Information shown:

━━━━━━━━

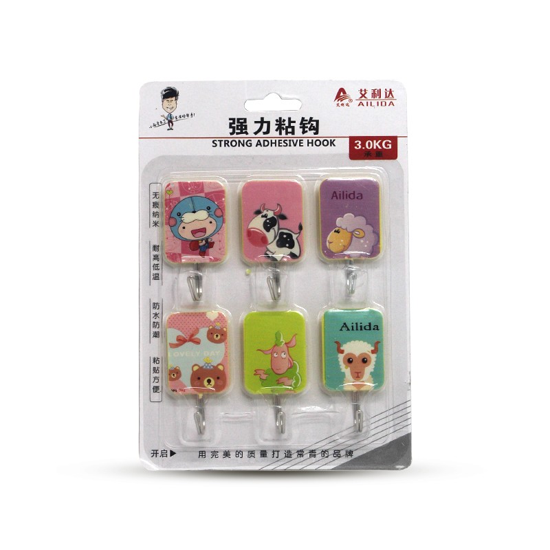 Plastic Adhesive Wall Hook 6pcs
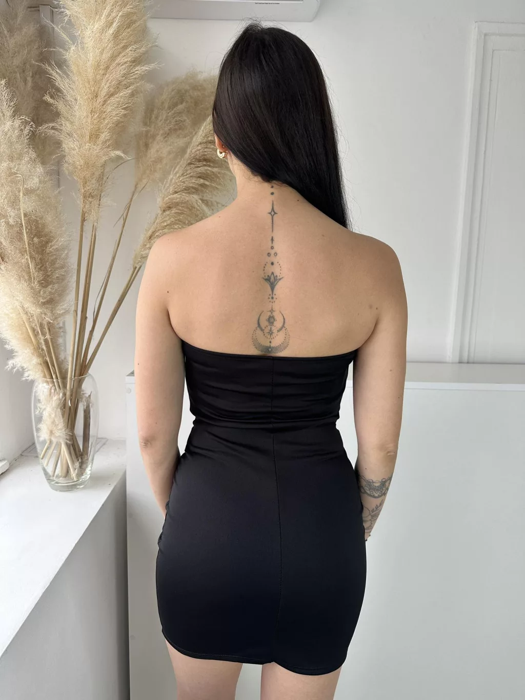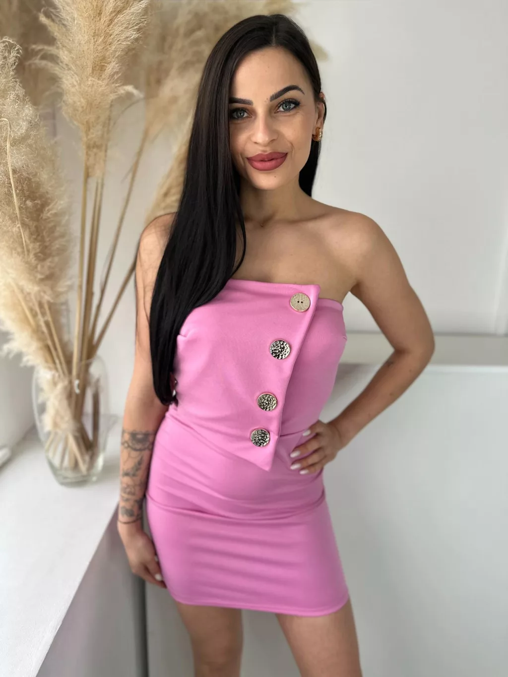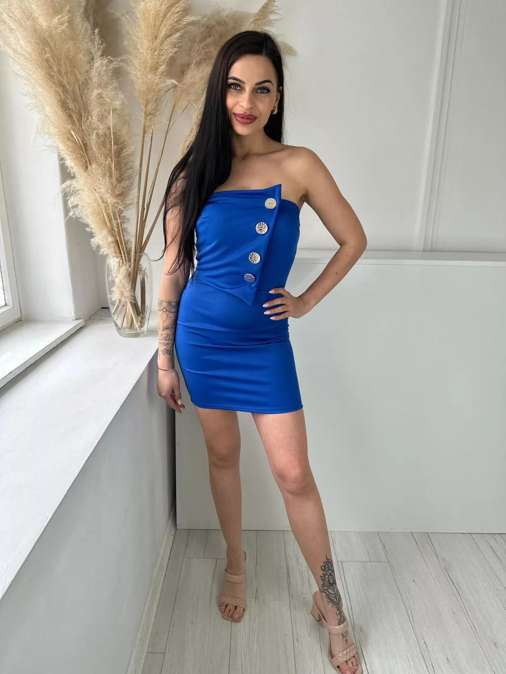 Rugalmas anyagú, szivacsbetétes, mellrésznél gumírozott, átlapolt, díszgombos, pánt nélküli ruha. (XS - M méretre ajánljuk)
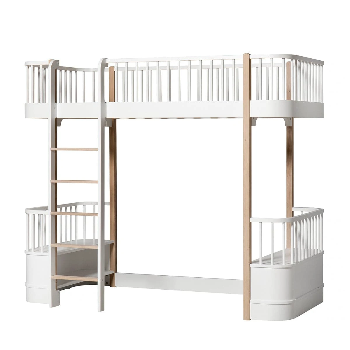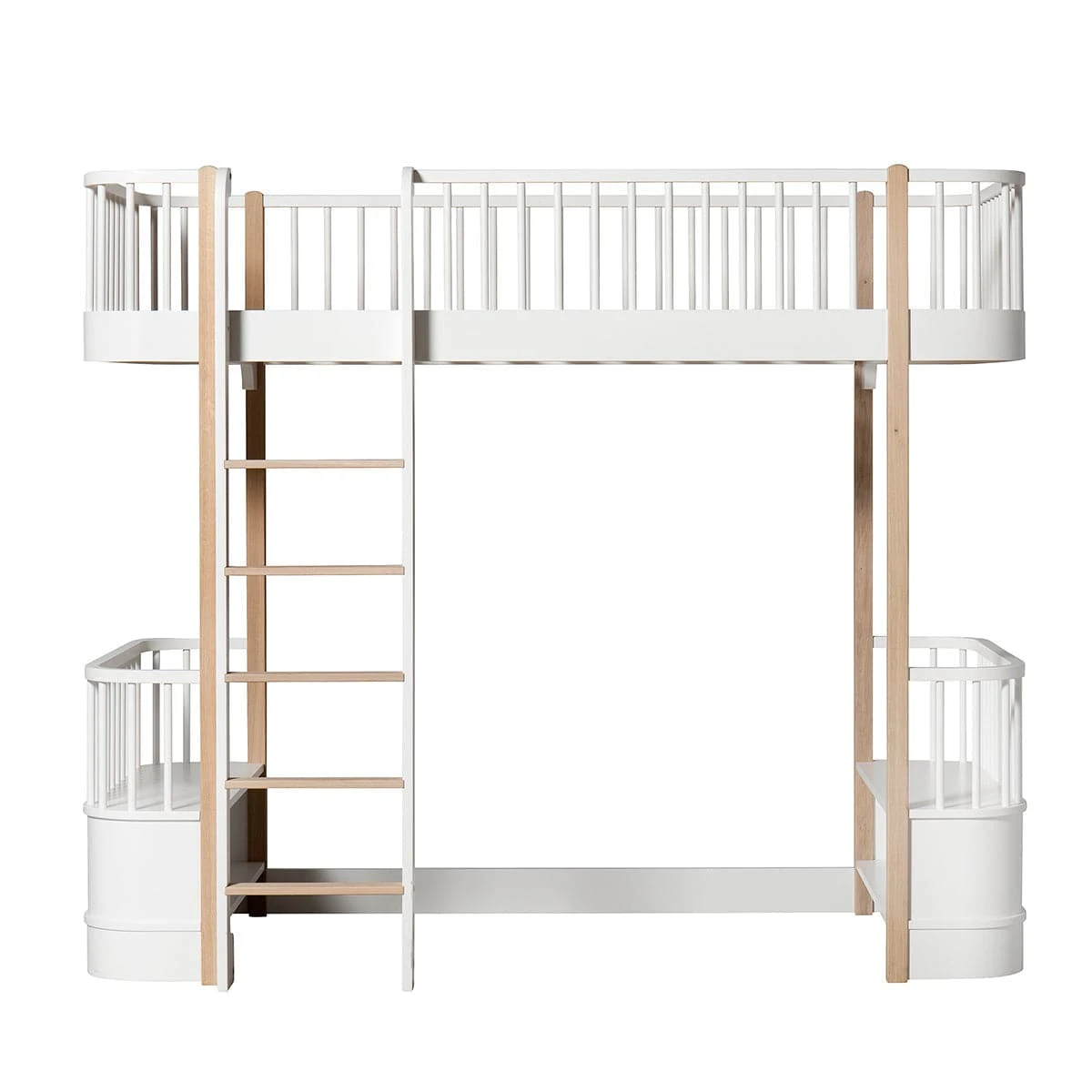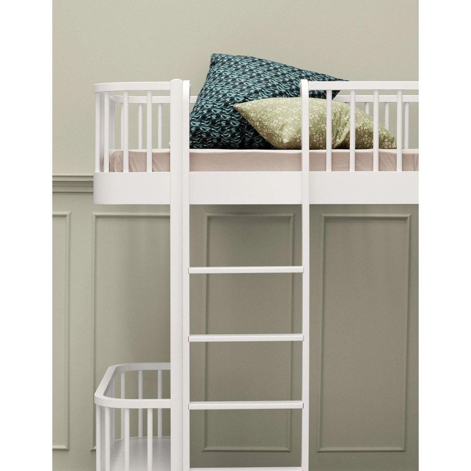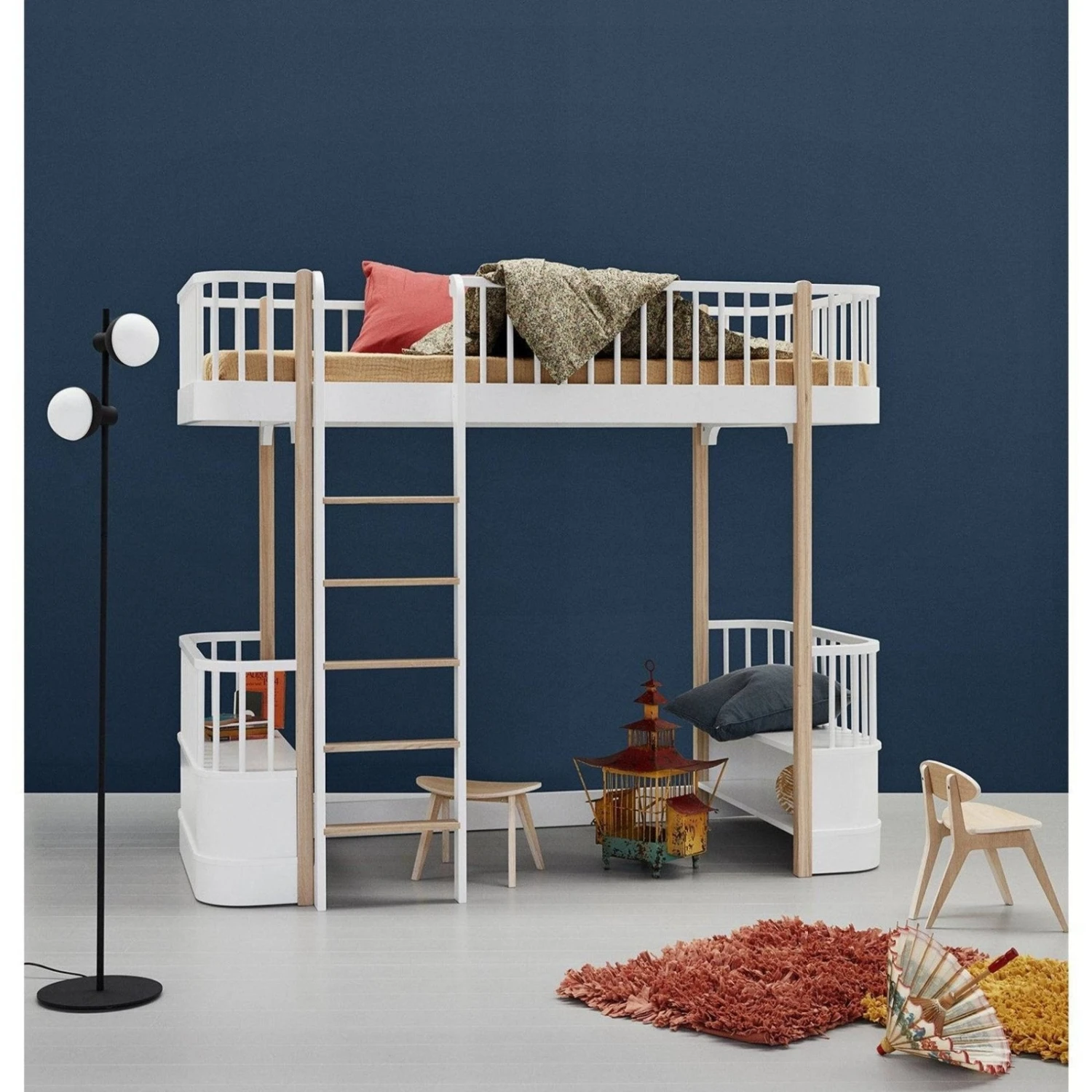The loft bed can be supplemented with a floor cushion and small table. The Wood loft bed is available in two models; one model with legs in beautiful Nordic oak (white oiled) and a model in all white.

━━━━━━━━

Give back exactly the lines from the first line of the data through the line with "Rugalmas anyagú, szivacsbetétes, mellrésznél", pictures excluded.

 Plastic Adhesive Wall Hook 6pcs
 Rugalmas anyagú, szivacsbetétes, mellrésznél gumírozott, átlapolt, díszgombos, pánt nélküli ruha. (XS - M méretre ajánljuk)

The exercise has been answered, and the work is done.